Un académicien en pyjama
L’année littéraire 2013 en France n’aura pas été marquée par la remise des prix littéraires en novembre dernier, mais par l’élection à l’Académie française de mon confrère et ami de longue date Dany Laferrière. Une nouvelle qui fut accueillie avec une unanimité sans précédent dans la presse française et internationale, fait très rare quand on sait qu’à l’Académie les élections sont souvent incertaines et obéissent aux humeurs de ces Immortels qui rechignent à ouvrir leurs portes même aux écrivains bien « installés ».
Dany Laferrière vient de loin.

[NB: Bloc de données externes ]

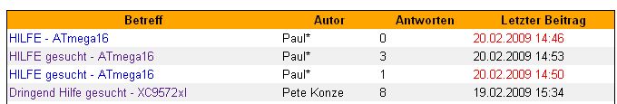 Hallo, ich versuche grade auf einer selbst zusammengelöteten Platine (Schaltplan siehe Anhang) eine Aufgabe zu lösen, komme allerdings überhaupt nicht voran, da ich keine Ahnung von C-Programmierung oder auch von Mikrocontrollern habe. Vielleicht kann mir ja jemand helfen - habe auch schon mal ein Probeprogramm (Lauflich mit AD-Wandler) laufen lassen, verstehe dabei aber auch schon (mangels Kenntnissen) wie das genau arbeitet. Die beiden angegebenen Funktionen sollen gemeinsam im Atmega16 des Demo-Boards realisiert werden! Die Beschreibung der Funktionalität soll in der Programmiersprache C erfolgen! Realisieren eines Lauflichts: Mit einem der beiden Potentiometer soll die Frequenz (Weiterschaltung von einem Status in den folgenden Status) des Lauflichts im Bereich von 0Hz (Stillstand) bis 2Hz (Genauigkeit: +/-0,1Hz) möglichst fließend einstellbar sein. Die Taktung soll mit Hilfe von einem der eingebauten Timer realisiert werden und es soll mindestens eine zugehörige Interruptserviceroutine sinnvoll verwendet werden! Hierzu soll mindestens mit einer Genauigkeit von 10 Bit gearbeitet werden. Durch die Schalter 1 (Bit 0) und 2 (Bit 1) (Beschriftung beachten!) sollen die verschiedenen Darstellungen des Lauflichts ausgewählt werden können. Ist ein weiterer Schalter aktiviert soll die Funktionalität des Lauflichts deaktiviert sein um eine Nutzung der LED's für andere Aufgaben zu ermöglichen. Bei Umschaltung soll das nun ausgewählte Lauflicht, beginnend im ersten Zustand, in der beschriebenen Abfolge mit der eingestellten Frequenz durchlaufen werden. Diese seien wie folgt belegt1 : „00“: „+-------“ → „-+------“ → „--+-----“ → „---+----“ → „----+---“ → „-----+--“ → „------+-“ → „-------+“ → usw. mit „+-------“ „01“: „+------+“ → „-+----+-“ → „--+--+--“ → „---++---“ → „--+--+--“ → „-+----+-“ → „+------+“ → „--------“ → usw. mit „+------+“ „10“: „++------“ → „-++-----“ → „--++----“ → „---++---“ → „----++--“ → „-----++-“ → „------++“ → „-----++-“ → „----++--“ → „---++---“ → „--++----“ → „-++-----“ → usw. mit „++------“ „11“: „+-------“ → „++------“ → „+++-----“ → „++++----“ → „+++++---“ → „++++++--“ → „+++++++-“ → „++++++++“ → „-+++++++“ → „--++++++“ → „---+++++“ → „----++++“ → „-----+++“ → „------++“ → „-------+“ → „--------“ → usw. mit „+-------“ Grundeinstellung: Zu Beginn sei die mit S7 gewählte Variante voreingestellt! Realisieren einer Addition: Ist das Lauflicht nicht aktiv sollen die Stellungen beider Potentiometer zyklisch, in der zugehörigen Interruptserviceroutine, mit einer Genauigkeit von 7 Bit ermittelt werden. In der Hauptroutine der zu entwickelnden Software sollen diese Werte nun addiert werden. Das Ergebnis der Addition dieser beiden 7-Bit-Zahlen soll über die 8 LED's ausgegeben werden. Das Leuchten einer LED signalisiert dass dieses Bit gesetzt ist!

Auteur de plus d’une vingtaine de livres, originaire d’Haïti, Québécois « d’adoption », le voilà qui occupe le siège laissé par Hector Bianciotti, écrivain d’origine argentine, et qui, dans le passé, fut aussi celui d’Alexandre Dumas et de Montesquieu, l’auteur de De l’Esprit des lois. L’entrée de Laferrière à l’Académie française sonne une ère nouvelle : celle de la décentralisation effective de la langue française, de la rupture de ce cordon trop serré qui la ligotait à la France et la paralysait dans ses pérégrinations à travers le monde. L’auteur québécois-haïtien était « l’écrivain sur mesure » pour symboliser cette mutation…
Connu depuis plusieurs décennies dans le monde entier pour son livre au titre détonnant Comment faire l’amour à un nègre sans se fatiguer, l’auteur est un personnage de premier plan de la scène culturelle québécoise. Il n’avait réellement été salué en France qu’en 2009 avec le prix Médicis qui lui fut décerné pour son merveilleux récit L’Énigme du retour. Son dernier ouvrage, Journal d’un écrivain en pyjama, est une véritable bibliothèque ambulante, une source dans laquelle on retrouve les auteurs qu’affectionne le nouvel académicien à travers cent quatre-vingt-deux chapitres brefs, incisifs, cocasses, mais toujours profonds et intelligents, concourant tous à nous inciter à la lecture et, au passage, à l’écriture, à travers des conseils destinés aux écrivains en herbe. Borges, Voltaire, Césaire, Hemingway et bien d’autres sont ici convoqués avec une décontraction désarmante de l’auteur qui nous laisse entendre en substance que la littérature est aussi une fête et que ceux qui se prennent au sérieux ne sont pas forcément écrivains. « Écrire est d’abord une fête intime », souligne-t-il. Ou encore : « Une journée est parfaite quand on se met subitement à danser avec la chaise sur laquelle on s’était assis pour écrire. » L’élection de Laferrière fut, pour nous aussi, « une journée parfaite » !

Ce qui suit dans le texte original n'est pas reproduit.